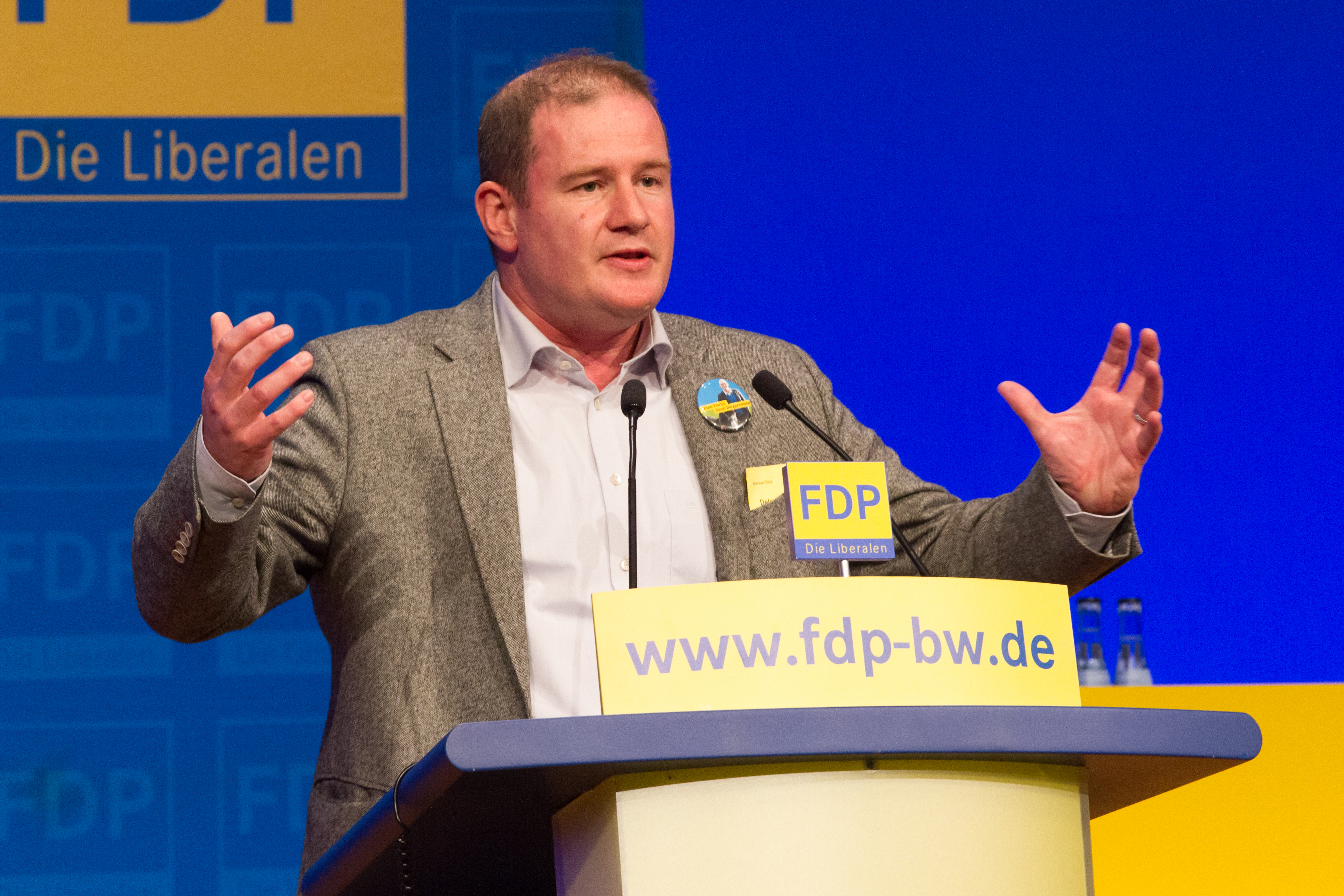 Series: 112th regular party convention of the FDP Baden-Württemberg in Stuttgart on January 5th, 2015 Image: Andreas Glück
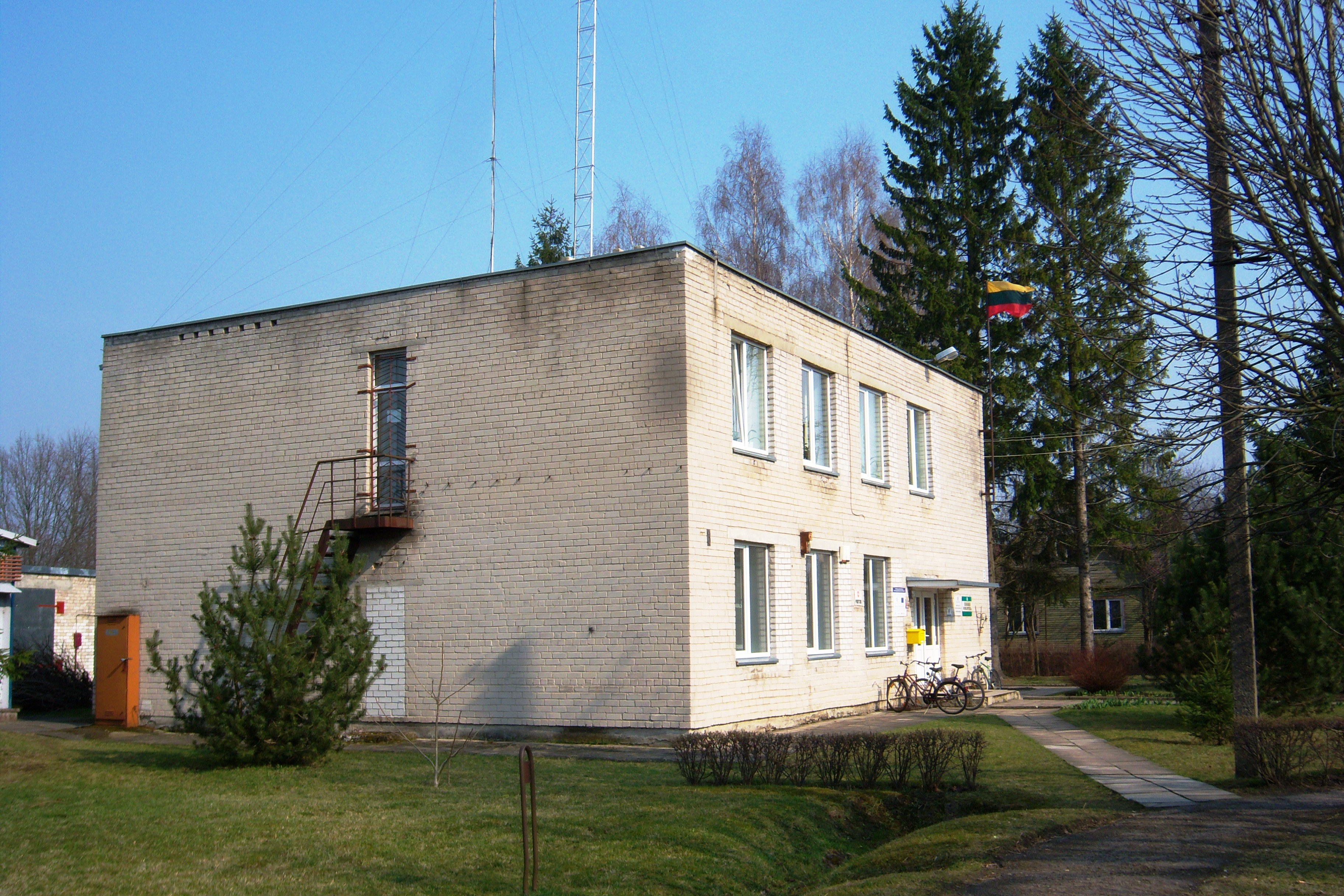 Eldership, Čekiškė, Kaunas district, Lithuania
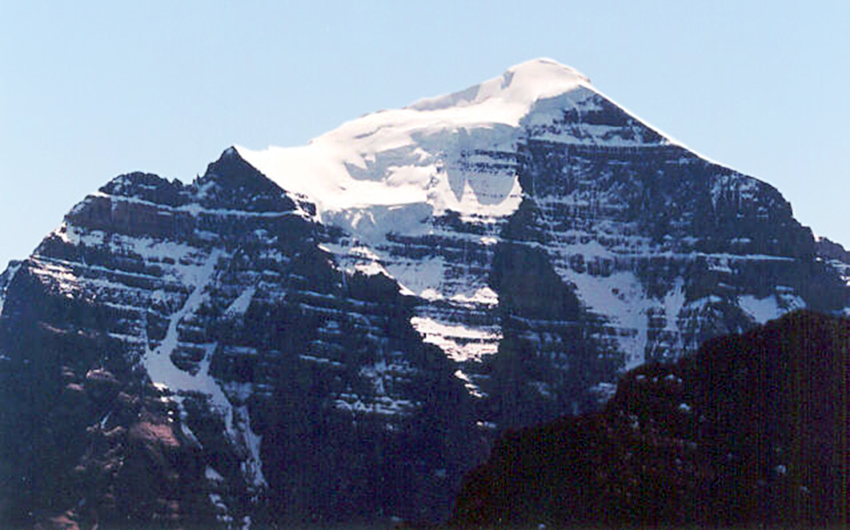 Mount Temple (3,543m/11,624') North face - Banff National Park Canada
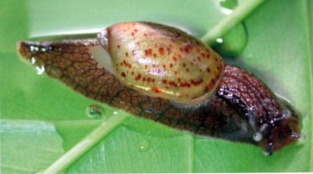 Photo of Amphibulima pardalina.
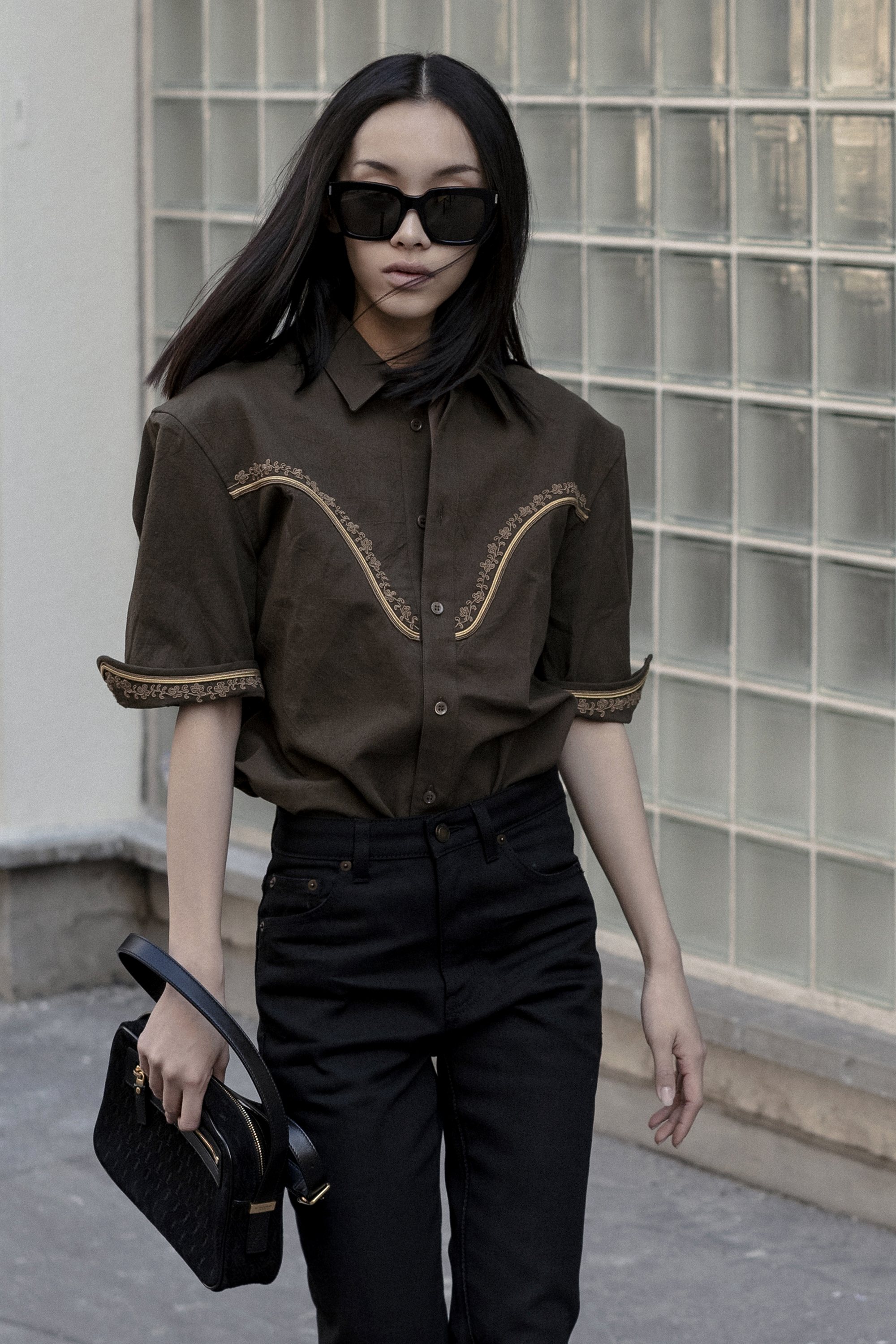 The image of artist Lexie Liu
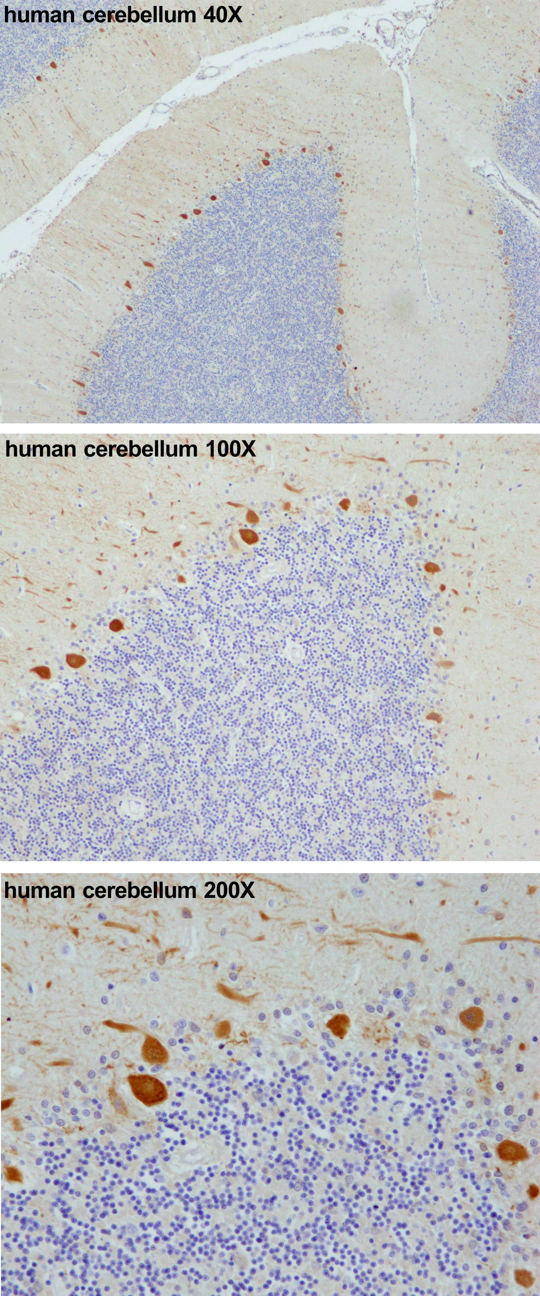 The Purkinje cell protein 4 (PCP4) is markedly immunoreactive in the Purkinje cells of the human cerebellum. From top to bottom 40X, 100X and 200X microscopic magnifications. The immunohistochemistry was performed using a polyclonal rabbit anti-human PCP4 antibody purchased from SIGMA-ALDRICH and used according to the methods published by Felizola SJA et al 2014 Journal of Molecular Endocrinology 52(2):159-67.
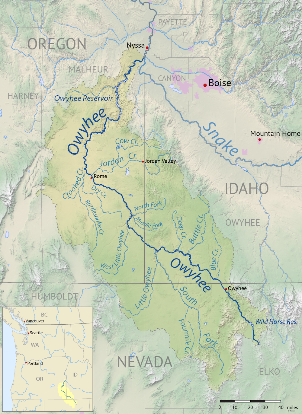 Map of the Owyhee River drainage basin in Idaho, Oregon and Nevada. Made using USGS National Map data.
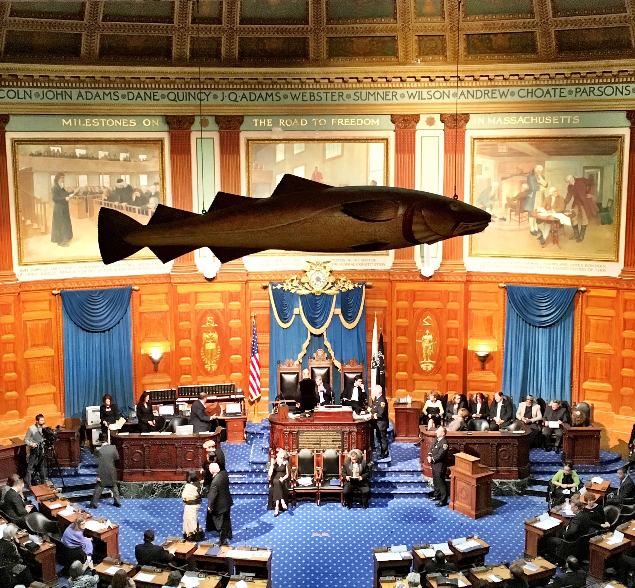 The Sacred Cod hanging above the chamber of the Massachusetts House of Representatives; overseeing the 2016 presidential election's session of the Electoral College.
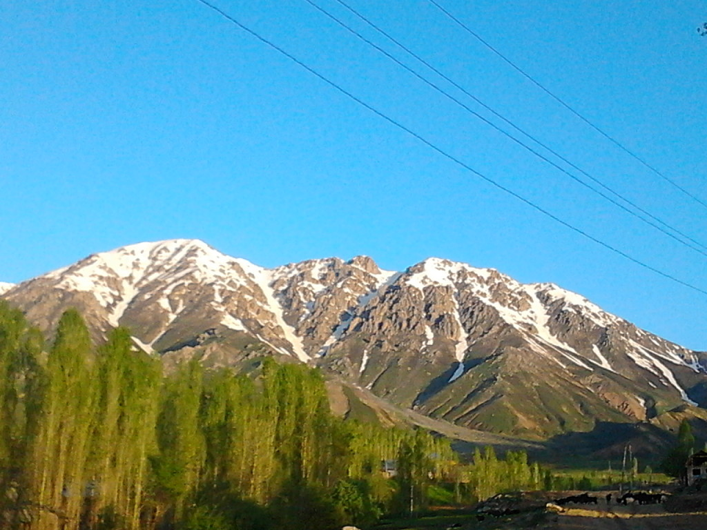 zarkamar-2
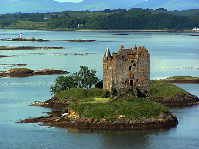 Castle Stalker. View of Castle Stalker with Lismore Island behind taken from the A828.
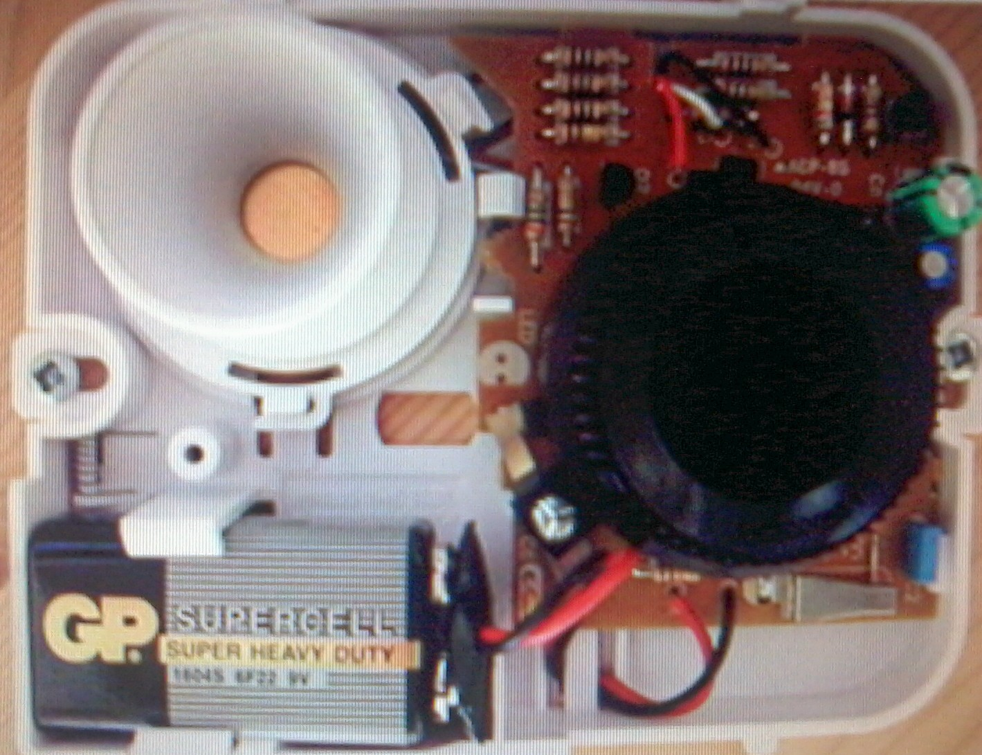 Ionization smoke detector
____
• BRIEF: Could you reproduce exactly, and only, the lines from the start of the records through the line containing "The image of artist Lexie Liu", leaving out the pictures?

• RESULT FOR THIS EXERCISE:
 Series: 112th regular party convention of the FDP Baden-Württemberg in Stuttgart on January 5th, 2015 Image: Andreas Glück
 Eldership, Čekiškė, Kaunas district, Lithuania
 Mount Temple (3,543m/11,624') North face - Banff National Park Canada
 Photo of Amphibulima pardalina.
 The image of artist Lexie Liu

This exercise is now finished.